Zoo director Ayman Lotfi denied the claims, saying the baboon was separated because he injured himself after he flew into a rage when his pregnant mate abandoned him. Lotfi said the zoo's intention was to protect the baby baboon.

Egyptian zoos have become notorious for neglect and poor conditions, with the Giza zoo being one of the most well known cases. NewEurope reports that in 2013, a giraffe committed suicide because of mental issues, while three black bears died in what workers at the zoo called a "bear riot."

Once one of the world's premier zoos, the Giza zoo lost its certification from the World Association of Zoos And Aquariums in 2004, although Egypt's agricultural ministry announced this year that there are plans in place to meet WAZA's standards and regain certification.

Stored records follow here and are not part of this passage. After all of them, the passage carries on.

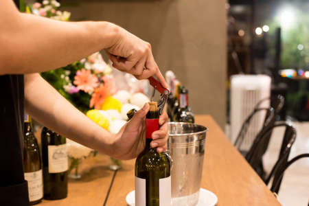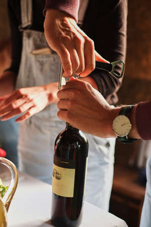 SAINT PETERSBURG, RUSSIAN FEDERATION - AUG 16 2018: man uncorks a bottles of wine. Prepares wine for sommeliers training.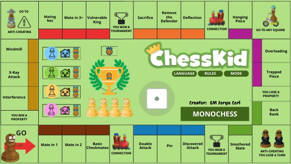 GO: Every time you turn around and pass through this square, you get a medal.TRAIN: Automatically travel to the other train square. YOU WON/LOST A TOURNAMENT: You get a medal automatically without doing any chess puzzle. ANTI-CHEATING: If you are just passing through, no action is taken, but if you got here because of the "Go to Anti-Cheating" square, then you lose a turn. GO TO ANY SQUARE: The player can choose to advance to any square, including special squares. (No medal is awarded if the player pass through GO)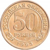 В центре крупно указан номинал - цифра "50". Под номиналом - слово "РУБЛЕЙ". Под словом - буквы "ММД", знак Московского монетного двора. Центральная часть заключена в кольцо, состоящее из линейного ободка и двух сплетённых растительных узоров. За кольцом, на внешней стороне, по кругу вдоль канта надписи: наверху - "РОССИЙСКАЯ ФЕДЕРАЦИЯ", внизу дата выпуска - "1993".

In February 2015, the blog Egyptian Streets reported on Giza zoo employees abusing animals, such as an African elephant who was hit repeatedly with a metal rod until it posed with zoo visitors who gave an employee money.

The blog also said animals' cages were cramped and filled with trash, including a monkey pit that was filled with cans, wrappers and used diapers.

Egyptian Streets attempted to interview the zoo's director, but was told by the zoo's administration that it could not do so without completing multiple bureaucratic steps, including sending an application to the agriculture ministry.